We Analyzed 1.3M ChatGPT Mentions: Here’s What We Found

Updated: March 26, 2026
14 min read

In February 2026, ChatGPT hit a massive milestone: 900 million weekly active users. At the same time, it was being mentioned somewhere online every 4 seconds!

We analyzed 1.3M ChatGPT mentions using social listening and media monitoring data to understand how people use the tool, what drives the conversation, and how sentiment around ChatGPT changes over time.

What we found: Almost 8 out of 10 times (79%) mentions of ChatGPT focus on real use cases, and those practical discussions generate 4-18x more positive sentiment than the general chatter about AI.

Key takeaways:

  • 79% of the conversation is about use cases, not the ethical questions

    When people mention ChatGPT, almost 80% are focusing on practical use, like coding help, speeding up their workflow, or everyday tasks.
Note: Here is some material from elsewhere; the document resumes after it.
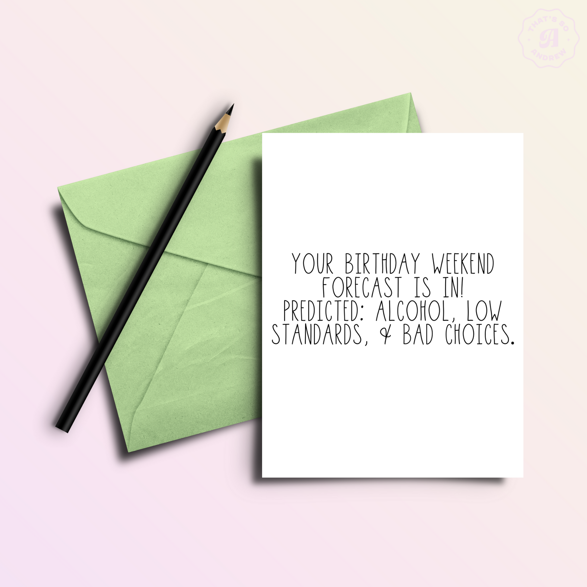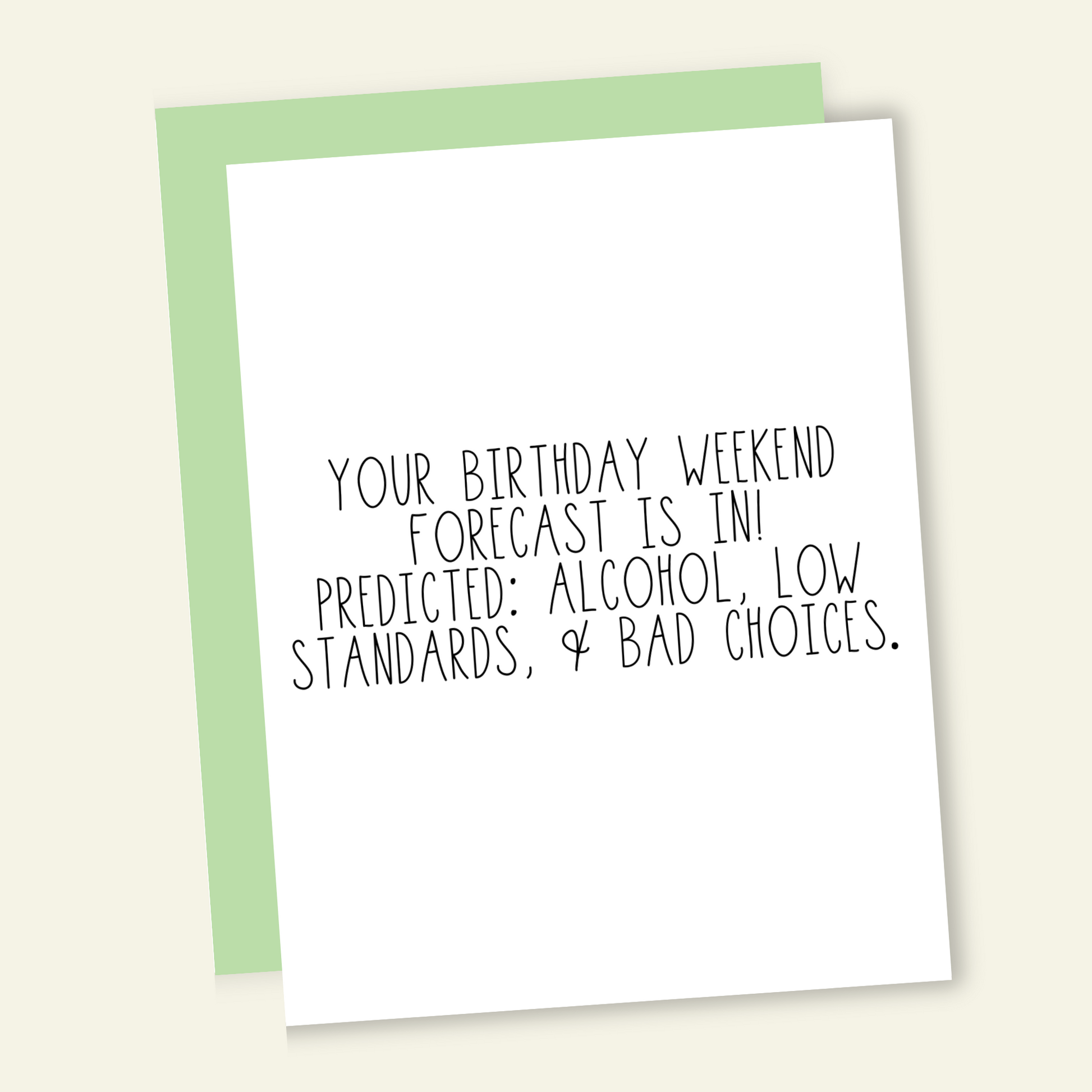 Birthday Weekend Forecast: Alcohol + Bad Decisions Card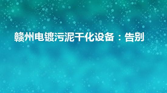随着电镀行业的不断发展,电镀废水和电镀污泥的处理问题日益突出。推广应用新兴的赣州电镀污泥干化设备,不仅可以告别传统处理方式,还能够提高处理效率,达到环保的目的。本文将详细介绍赣州电镀污泥干化设备的优势和应用现状,以期引起读者的兴趣。

The deep conversations about ethics are happening too, but they’re not the main topic most of the time.

  • Negative buzz shot up 58% in just six weeks, and the tool wasn't to blame

    That big jump in negativity was fast, even though the ChatGPT product itself was pretty much the same. What triggered it were the OpenAI controversies, not bad user experience.
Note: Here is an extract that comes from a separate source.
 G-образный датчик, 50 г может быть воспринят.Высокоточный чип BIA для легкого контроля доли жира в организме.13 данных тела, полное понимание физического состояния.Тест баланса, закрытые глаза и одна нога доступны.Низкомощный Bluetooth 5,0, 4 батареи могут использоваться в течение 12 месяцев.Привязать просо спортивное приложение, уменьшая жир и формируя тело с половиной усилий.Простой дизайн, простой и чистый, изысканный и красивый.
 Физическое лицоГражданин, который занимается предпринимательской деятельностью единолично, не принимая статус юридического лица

  • When people talk about actual uses, they're 4-18x more positive

    If the conversation is about a specific, real-world task, like using AI to make an image or draft an email, people feel much more positive about it than when they just talk about "AI" in general.
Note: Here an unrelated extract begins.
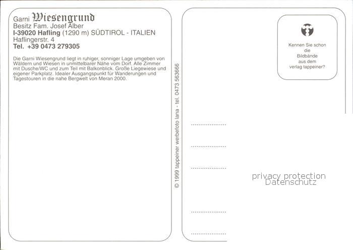 Hafling Garni Wiesengrund postalisch nicht gelaufen Erhaltung siehe scans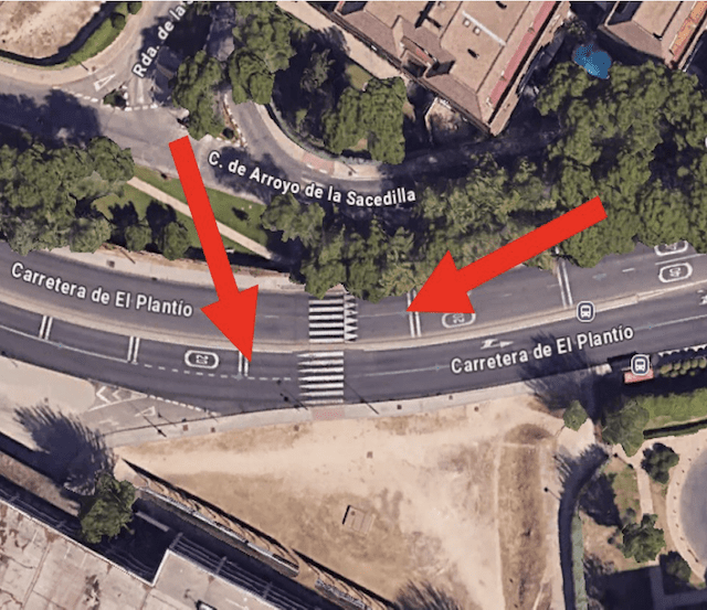 Paso de peatones cercano a la parada de autobús “Ctra.Plantío-Urb.La Sacedilla” con los «resaltos» ilegales.

  • People trust the product, but not always the company

    Users are clearly drawing a line between ChatGPT (the tool) and OpenAI (the company). Most negative spikes came from decisions the company made, not problems with the AI itself. This shows that having a great product might not be enough to fully protect your brand reputation.

⚠️ Research methodology

This report is based on Brand24 social listening data and Insights24 data analysis.

We tracked mentions of “ChatGPT” keyword across:

  • social media platforms (Instagram, Facebook, TikTok, X (Twitter), etc.)
  • news media
  • blogs
  • podcasts
  • video platforms
  • online communities

from January 1 to February 28, 2026.

The main dataset includes 1.3M mentions with a combined reach of 12.6B people. Sentiment was categorized as positive, neutral, or negative. We also pulled a filtered subset of 258.3k mentions to take a closer look specifically at use case discussions.

Neutral mentions make up 72% of the dataset and include mentions like news stories, straightforward tool comparisons, and social posts that don’t show much emotion either way.

ChatGPT generates more online conversation than some countries generate news

Hitting a reach of 12.7 billion in just 2 months speaks a lot about ChatGPT’s massive cultural impact.

In January and February 2026 alone, people posted, shared, argued about, and reacted to ChatGPT 1.3 million times.

In February 2026, OpenAI announced ChatGPT had topped 900 million weekly active users, up from 800 million just four months earlier.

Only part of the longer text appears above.